== Segment start ==

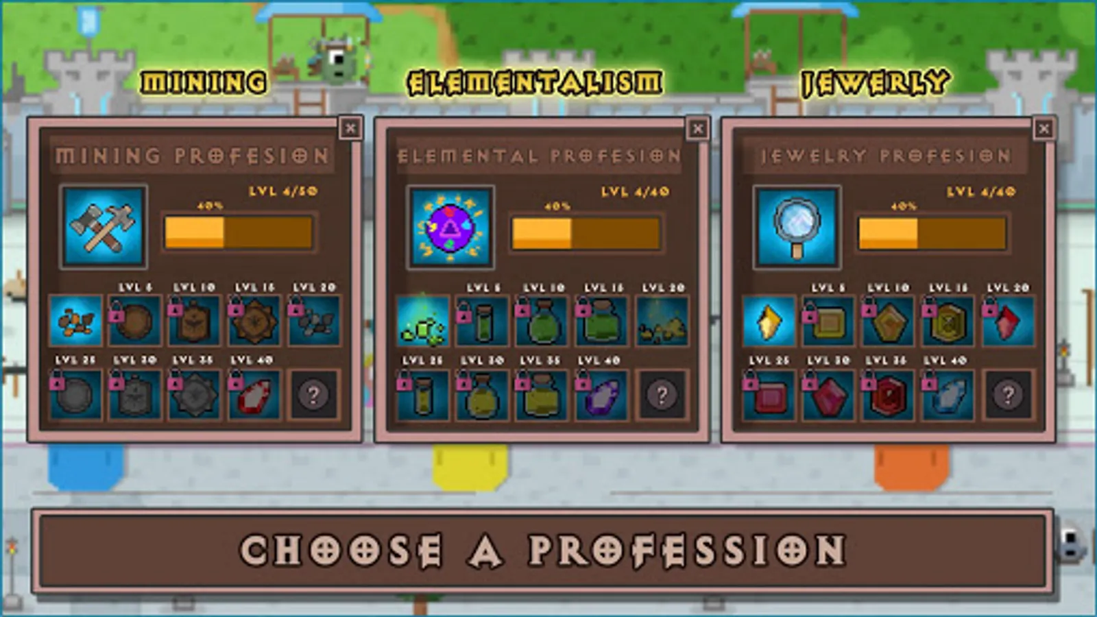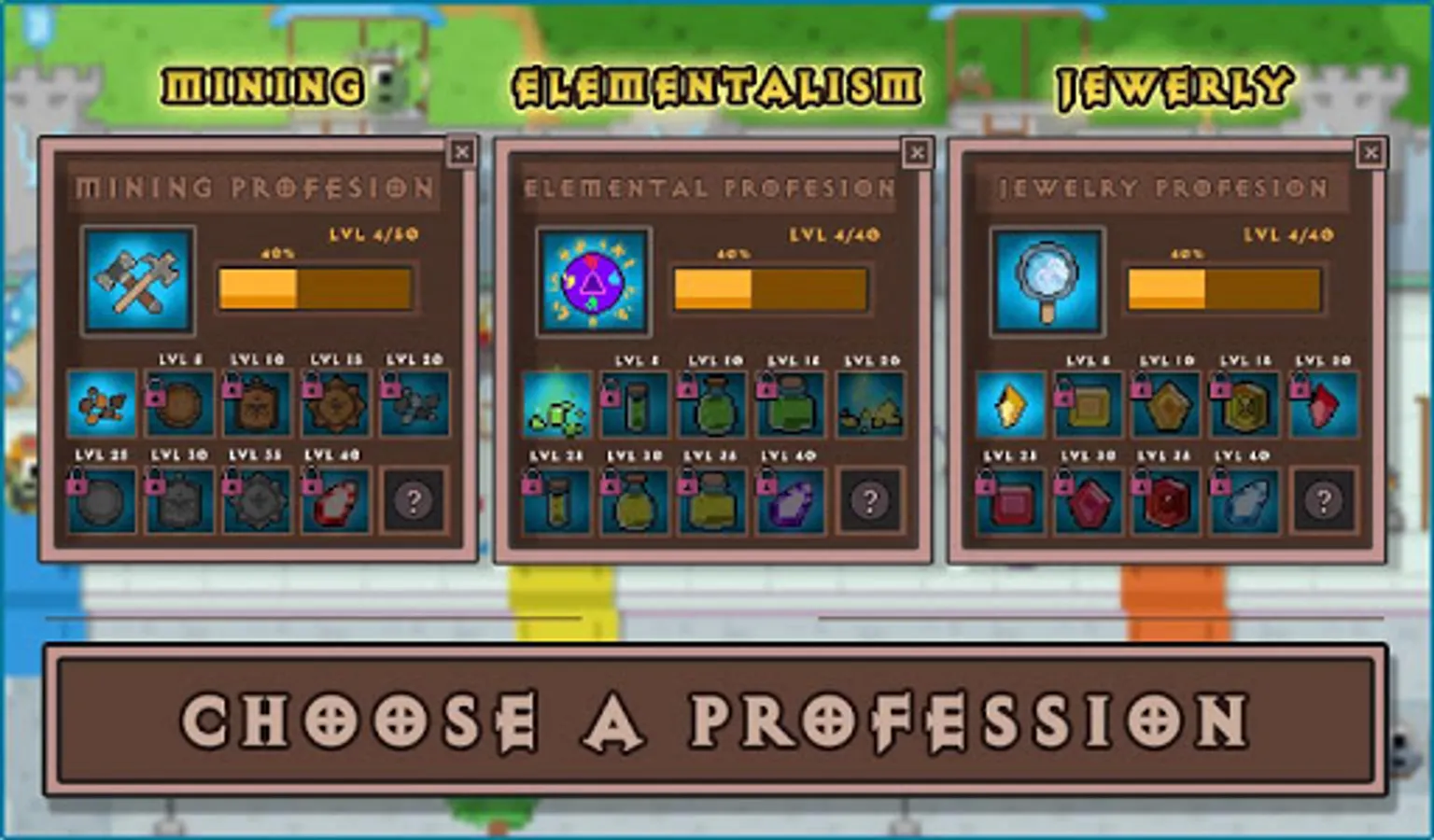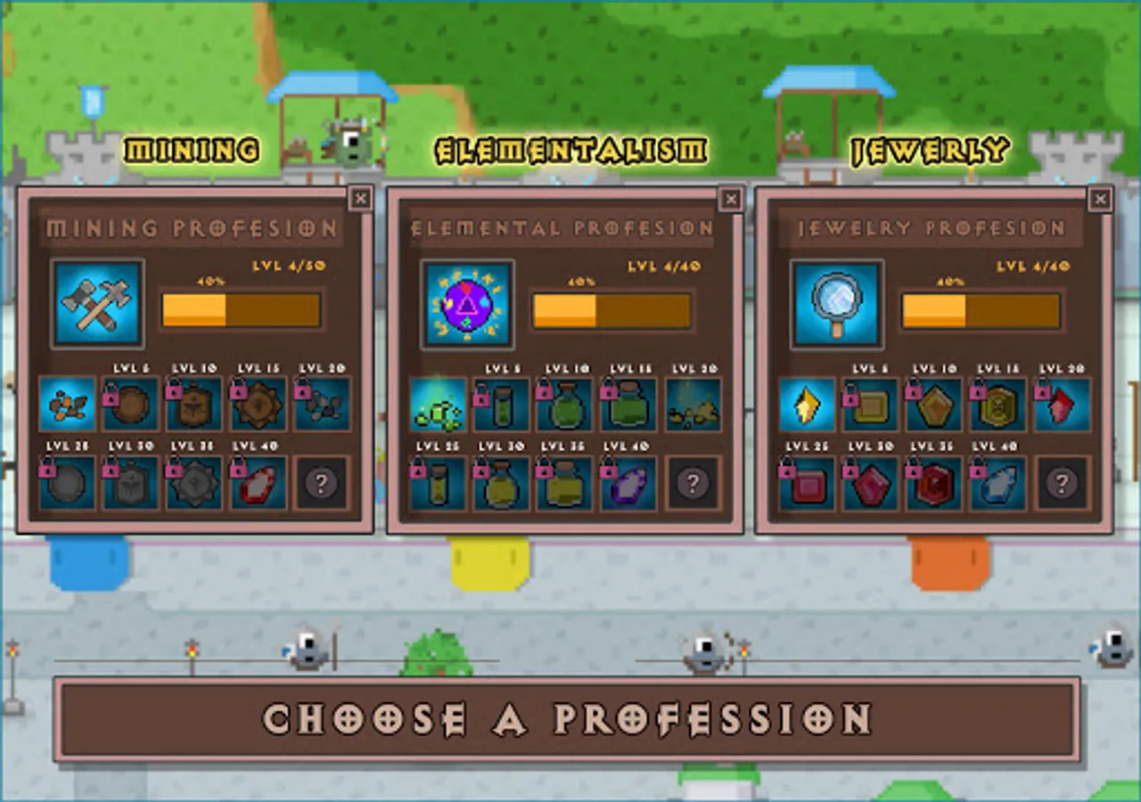Choose between the 3 professions: mining, elementalist and jewelry.
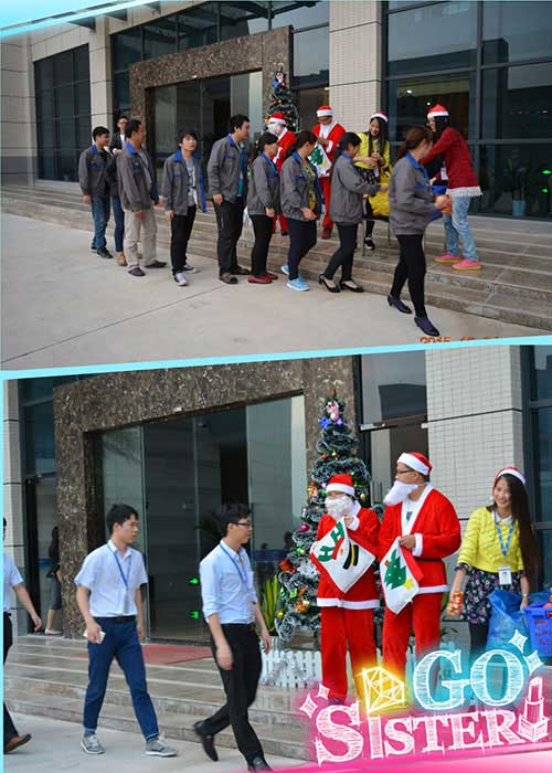 随着下班铃声的响起,两位圣诞老人在人事行政韩总监及人事景经理的带领下,提前在同事们下班的必经之路守候,为每一位同事们送上圣诞礼物,并表达了节日的问候和祝福,同事们的喜悦之情溢于言表。在这个充满欢笑的日子里,我们给予的不仅是节日的礼物,更是平安夜的祝福。
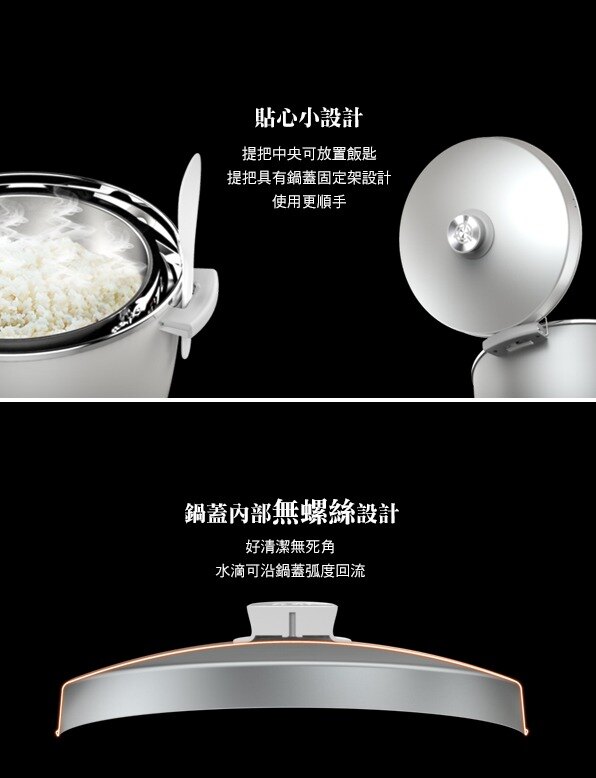 (3) 304不鏽鋼1MM厚內鍋,可直火加熱,增加提把方便使用。
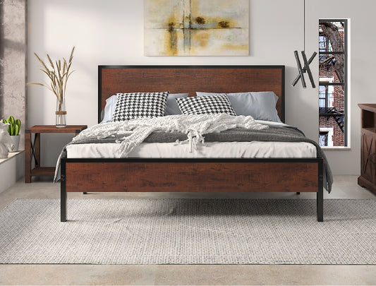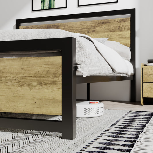 Metal Platform Bed Frame with Wood Headboard and Footboard
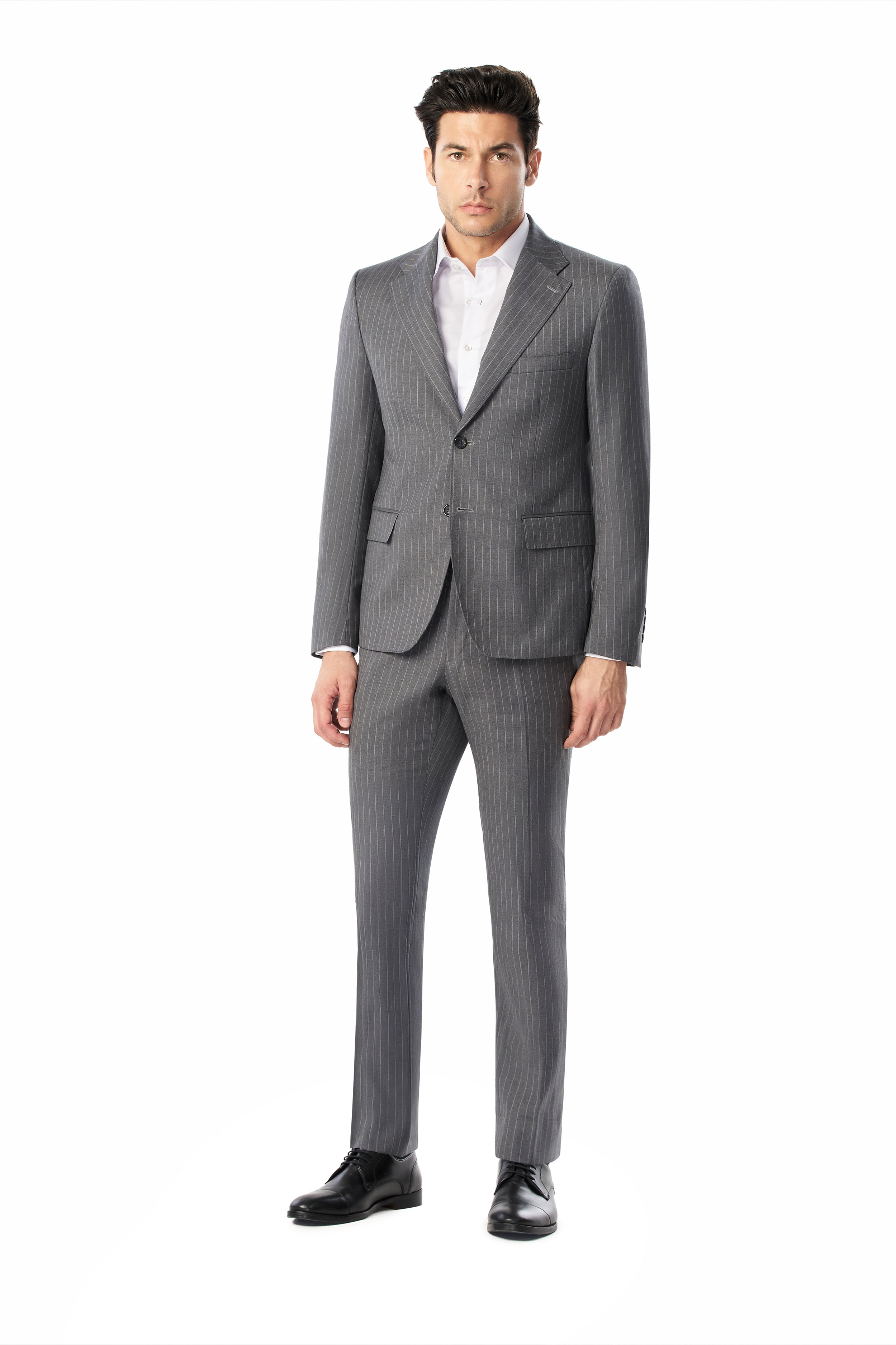 With its refined gray pinstripe design, 100% Italian wool construction, 1/2 canvas lining, and masterful Italian craftsmanship, this suit from The Heritage Collection is the epitome of timeless elegance. The two-button jacket, notch lapel, and slim fit create a commanding yet approachable silhouette. For the modern gentleman seeking to make a sophisticated statement, this Classic Gray Pinstripe suit is an impeccable choice.
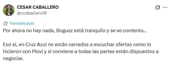 Pese a ese gran cambio de su situación, Bogusz mantendría una postura tranquila y profesional dentro del club. Según expresó el reportero César Caballero en X: “está tranquilo y se ve contento“. Dicha declaración se dio en el contexto de los rumores que sitúan al polaco como interés de un equipo de Alemania.
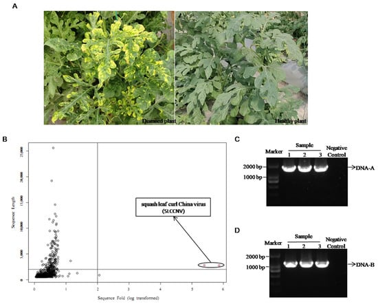 Symptoms shown in watermelon (A) and discovery of squash leaf curl China virus (SLCCNV) in watermelon diseased leaves through next-generation sequencing (NGS) (B) and PCR identification (C,D). (B) The result of scaffold lengths versus (vs.) coverage of all assembled fragments. The first quadrant contains all suspicious sequences with high content > 2 kb and only two fragments in the bottom right corner are high content fragments, both of which are SLCCNV. The “negative control” in (C,D) refers to sample collected from healthy plants in plastic greenhouses.
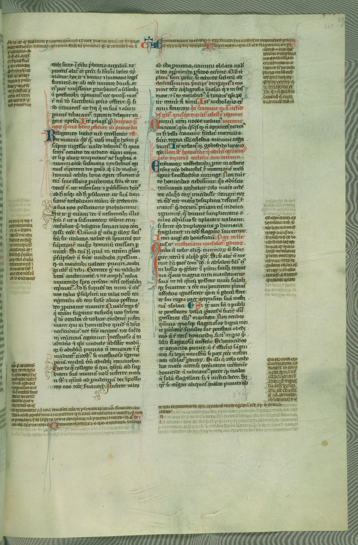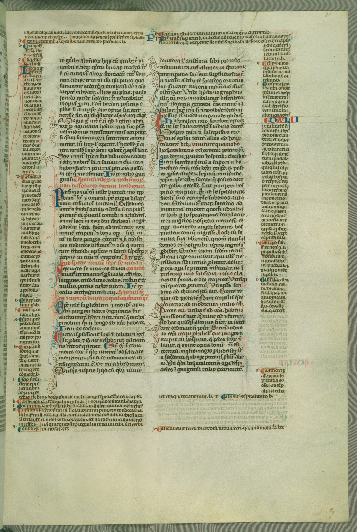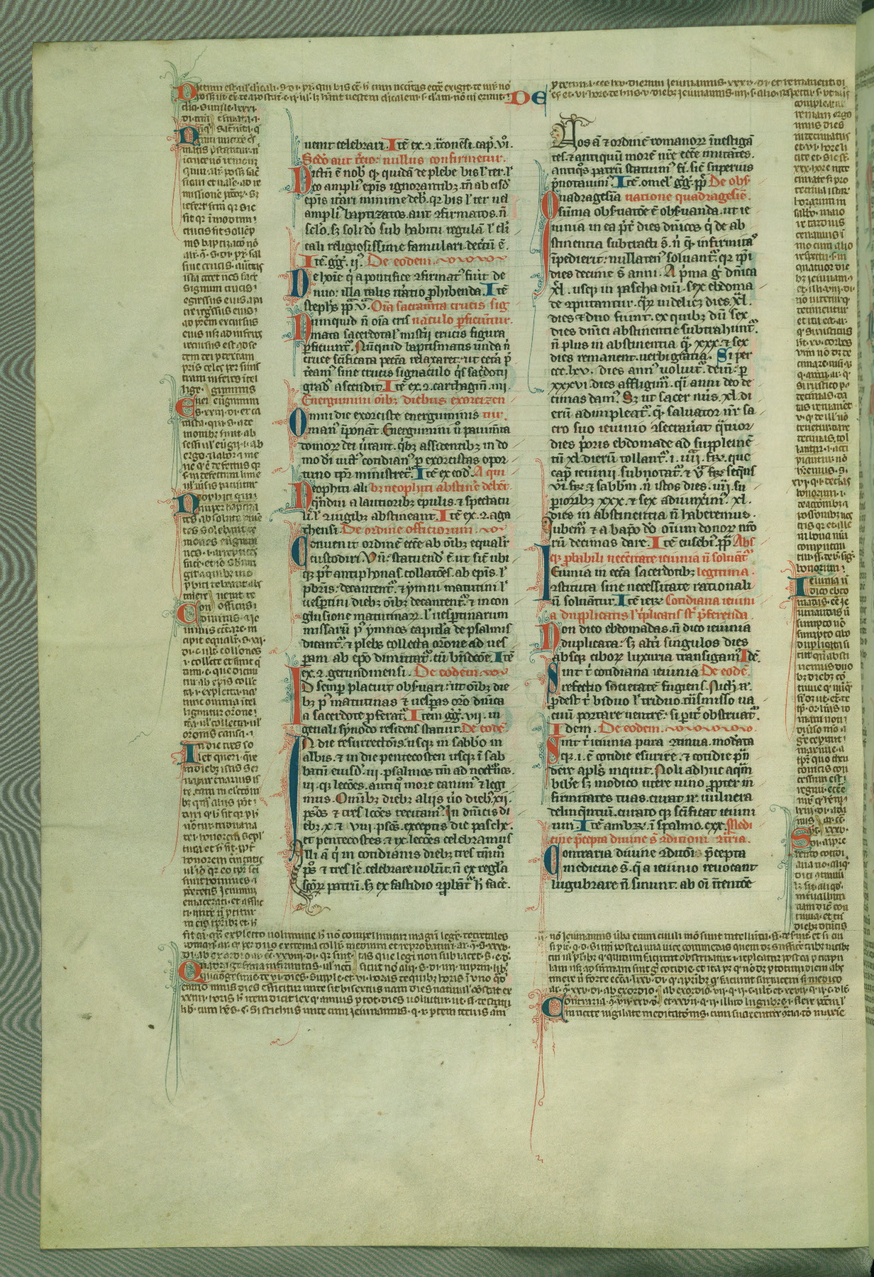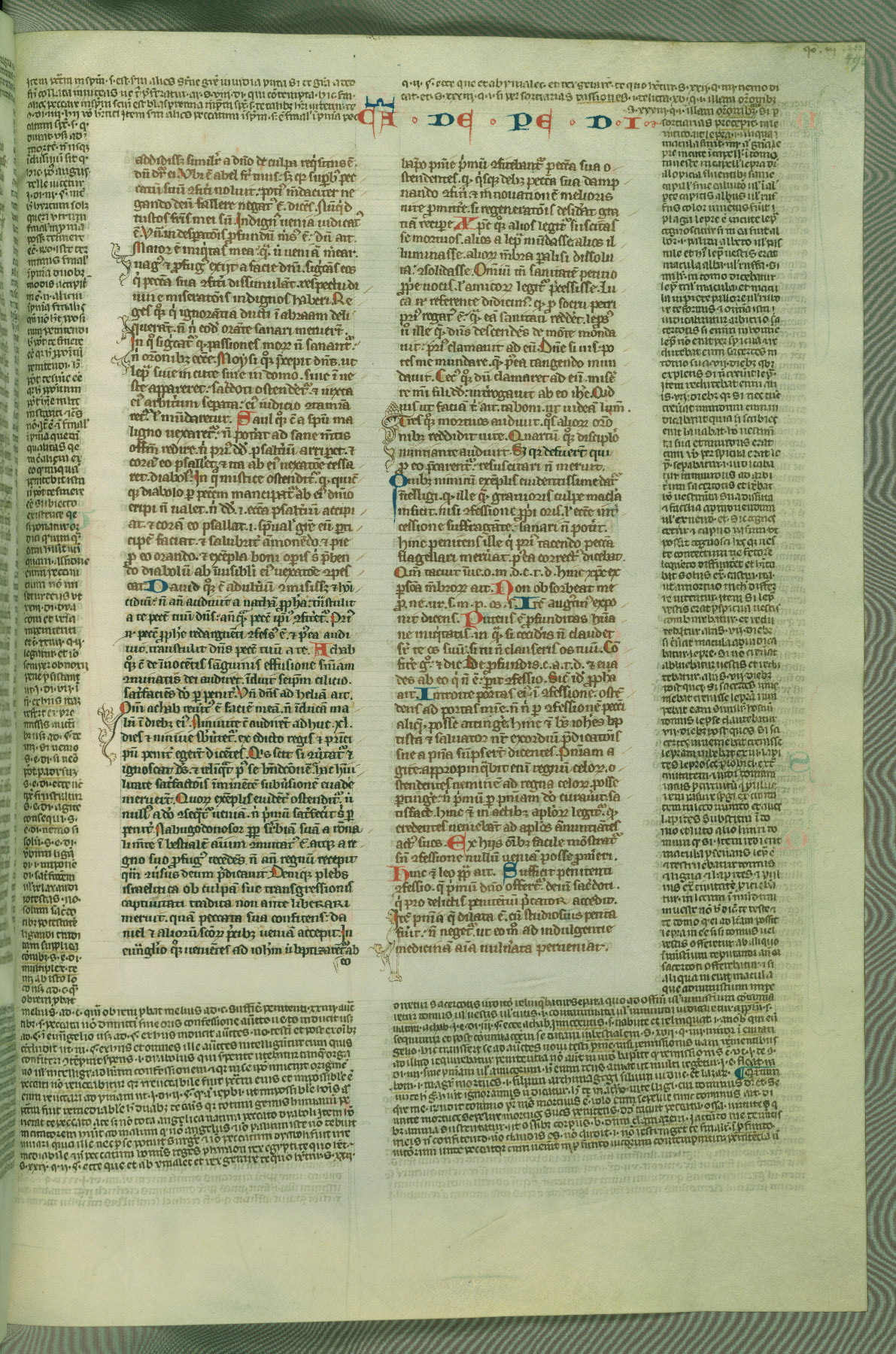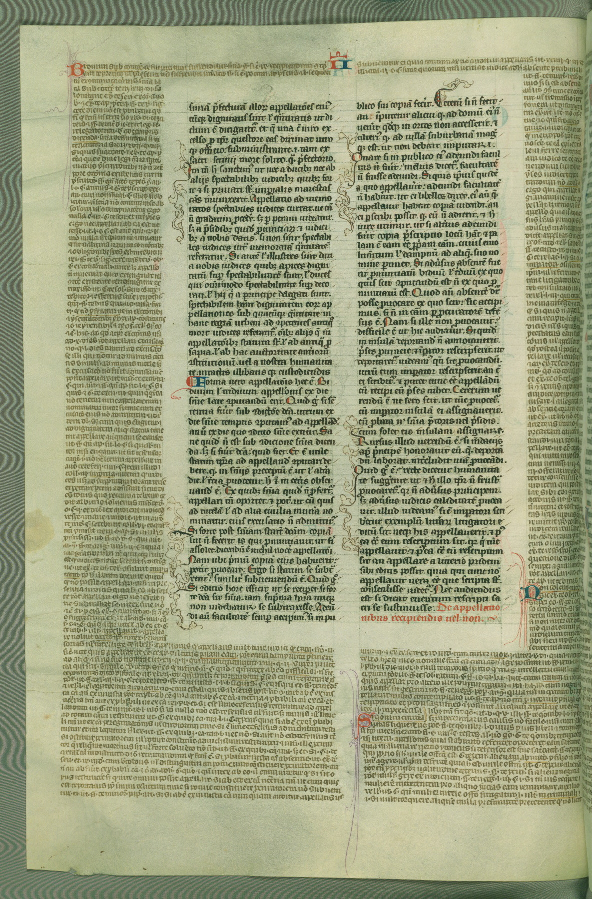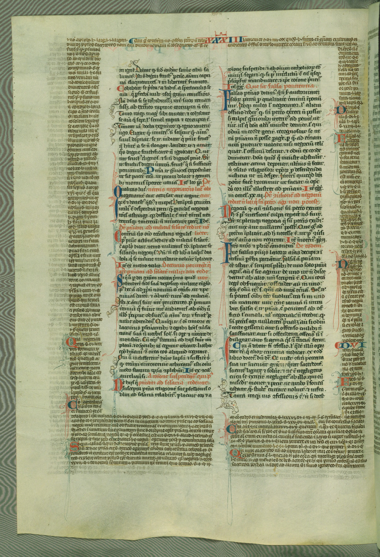 This deluxe version of Gratian's Decretum was created ca. 1280-90, most likely in Hainaut. The lively decoration of the manuscript indicates a marked taste for narrative, and there are thirty-seven historiated initials. The gloss work was completed by Bartholomew of Brescia. At first, Paris would seem to be the most likely place of origin, given that it was the leading center for the study of canon law. However, this particular manuscript exhibits scribal features that suggest its place of origin as being the Cistercian abbey of Cambron in Hainaut. Furthermore, Abbot Baudouin de Bousso, whose tenure at the abbey was from 1283 to 1293, was schooled in theology at the University of Paris, and he would eventually endorse the production of many fine manuscripts while at Cambron. In fact, the catalyst for this endeavor seems to have been the Beaupré Antiphonary (W.759-761), which was was created at Cambron during the 1280s. Stylistic features of W.133 seem to have connections with the Beaupré Antiphonary. For example, Cistercian monks are shown in three extant illuminations throughout three of the antiphonary volumes; these monks are pictured in brown habits similar to the type worn by clerics in W.133. The reliance upon Cistercian precedents for textual and design features associates W.133 with the Cistercian abbey at Cambron. However, more remains to be confirmed by further inspection of the output of the scriptorium at Cambron.

== Segment end ==

→ **Your objective**
Apart from the pictures, the material above has to be repeated exactly.

→ **Result for this exercise**
Choose between the 3 professions: mining, elementalist and jewelry.
 随着下班铃声的响起,两位圣诞老人在人事行政韩总监及人事景经理的带领下,提前在同事们下班的必经之路守候,为每一位同事们送上圣诞礼物,并表达了节日的问候和祝福,同事们的喜悦之情溢于言表。在这个充满欢笑的日子里,我们给予的不仅是节日的礼物,更是平安夜的祝福。
 (3) 304不鏽鋼1MM厚內鍋,可直火加熱,增加提把方便使用。
 Metal Platform Bed Frame with Wood Headboard and Footboard
 With its refined gray pinstripe design, 100% Italian wool construction, 1/2 canvas lining, and masterful Italian craftsmanship, this suit from The Heritage Collection is the epitome of timeless elegance. The two-button jacket, notch lapel, and slim fit create a commanding yet approachable silhouette. For the modern gentleman seeking to make a sophisticated statement, this Classic Gray Pinstripe suit is an impeccable choice.
 Pese a ese gran cambio de su situación, Bogusz mantendría una postura tranquila y profesional dentro del club. Según expresó el reportero César Caballero en X: “está tranquilo y se ve contento“. Dicha declaración se dio en el contexto de los rumores que sitúan al polaco como interés de un equipo de Alemania.
 Symptoms shown in watermelon (A) and discovery of squash leaf curl China virus (SLCCNV) in watermelon diseased leaves through next-generation sequencing (NGS) (B) and PCR identification (C,D). (B) The result of scaffold lengths versus (vs.) coverage of all assembled fragments. The first quadrant contains all suspicious sequences with high content > 2 kb and only two fragments in the bottom right corner are high content fragments, both of which are SLCCNV. The “negative control” in (C,D) refers to sample collected from healthy plants in plastic greenhouses.
 This deluxe version of Gratian's Decretum was created ca. 1280-90, most likely in Hainaut. The lively decoration of the manuscript indicates a marked taste for narrative, and there are thirty-seven historiated initials. The gloss work was completed by Bartholomew of Brescia. At first, Paris would seem to be the most likely place of origin, given that it was the leading center for the study of canon law. However, this particular manuscript exhibits scribal features that suggest its place of origin as being the Cistercian abbey of Cambron in Hainaut. Furthermore, Abbot Baudouin de Bousso, whose tenure at the abbey was from 1283 to 1293, was schooled in theology at the University of Paris, and he would eventually endorse the production of many fine manuscripts while at Cambron. In fact, the catalyst for this endeavor seems to have been the Beaupré Antiphonary (W.759-761), which was was created at Cambron during the 1280s. Stylistic features of W.133 seem to have connections with the Beaupré Antiphonary. For example, Cistercian monks are shown in three extant illuminations throughout three of the antiphonary volumes; these monks are pictured in brown habits similar to the type worn by clerics in W.133. The reliance upon Cistercian precedents for textual and design features associates W.133 with the Cistercian abbey at Cambron. However, more remains to be confirmed by further inspection of the output of the scriptorium at Cambron.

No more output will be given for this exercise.